Тэмпи открыла сумочку и вынула конверт с письмом, вздрогнув при этом так же, как и в тот момент, когда обнаружила этот конверт приколотым сзади к обложке дневника Кристофера. Она развернула листок из ученической тетради и снова – в который раз – перечитала письмо, но уже с меньшим недоверием, чем раньше. Оно начиналось словами: «Дорогая бабушка…»
Нетвердые буквы были старательно выписаны на линованной бумаге.
«Дорогая бабушка,
мой папа сказал маме, что если когда-нибудь ей нужна будет помощь, то вы ей поможете. Сейчас она нам очень-очень нужна. Вы нам поможете?
Любящая вас внучка Кристина».
Последнее слово было написано неправильно, зачеркнуто и снова написано с величайшим старанием.

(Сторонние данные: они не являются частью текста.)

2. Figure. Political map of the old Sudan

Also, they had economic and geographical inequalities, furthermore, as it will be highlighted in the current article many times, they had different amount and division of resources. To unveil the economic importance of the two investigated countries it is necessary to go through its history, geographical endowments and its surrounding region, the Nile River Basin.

Тэмпи отложила листок в сторону, откинулась в кресле и стала смотреть, ничего не видя, на прибрежные озера, блестевшие в зарослях кустарника, на море, пенящееся у изрезанных берегов, на дым, поднимающийся из высоких заводских труб.

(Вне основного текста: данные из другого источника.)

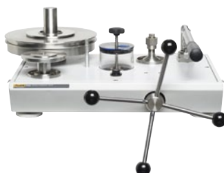
Deadweight testers generate and control pressure in a calibration system.

Deadweight testers and the related electronic deadweight tester are portable systems that provide all three functions—generation, control and measurement—in a single unit, and are suitable for both field and bench use.

Теперь, когда напряжение наконец спало, Тэмпи чувствовала себя совершенно обессиленной. Она вспомнила, как поспешно выписалась из больницы, как лихорадочно бросала вещи в чемодан, боясь опоздать на самолет. Но она все же успела позвонить Роберту и рассказать о письме. Разговор оставил у нее горький осадок. Впервые за шестнадцать лет она позвонила ему по телефону. Кристофер бы сразу догадался, что именно он ответит:
– Ах, вот оно что! Теперь понятно, куда шла его пенсия. А ведь я думал, что ее получаешь ты.
– А я думала, ты, – ответила Тэмпи.
– Я совершенно отстранился от всего после того, как его убили, и не думай, что тебе удастся вновь втянуть меня в это грязное дело. Мне безразлично, женился он на этой девице или нет. А если женился, то тем хуже. Я не намерен взваливать на свои плечи позор шестилетней давности.

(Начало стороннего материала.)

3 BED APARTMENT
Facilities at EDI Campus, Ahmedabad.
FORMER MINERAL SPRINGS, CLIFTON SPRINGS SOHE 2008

Когда она попыталась возразить ему, он сказал:
– Ты просто сошла с ума.
И повесил трубку.
Она закрыла глаза и в первый раз после того, как приняла внезапное решение, серьезно задумалась. Может быть, она действительно сошла с ума, как сказал Роберт? Для него существование внучки обернулось позором. Она же видела в этом свое спасение. Это вытащило ее из пучины депрессии, дало цель жизни. Теперь же, когда Роберт с таким пренебрежением отстранился от всего, ее начали мучить сомнения.
Какая жестокая необходимость заставила Занни, молчавшую шесть лет, заявить о существовании Кристины? Во что ее втягивают? Люди, которых, как ей казалось, она уже знала по дневнику Кристофера, начали воплощаться в ее сознании, и она боялась их, в особенности Занни. Неужели и в ее глазах она прочтет ту же ненависть, что и у Кристофера?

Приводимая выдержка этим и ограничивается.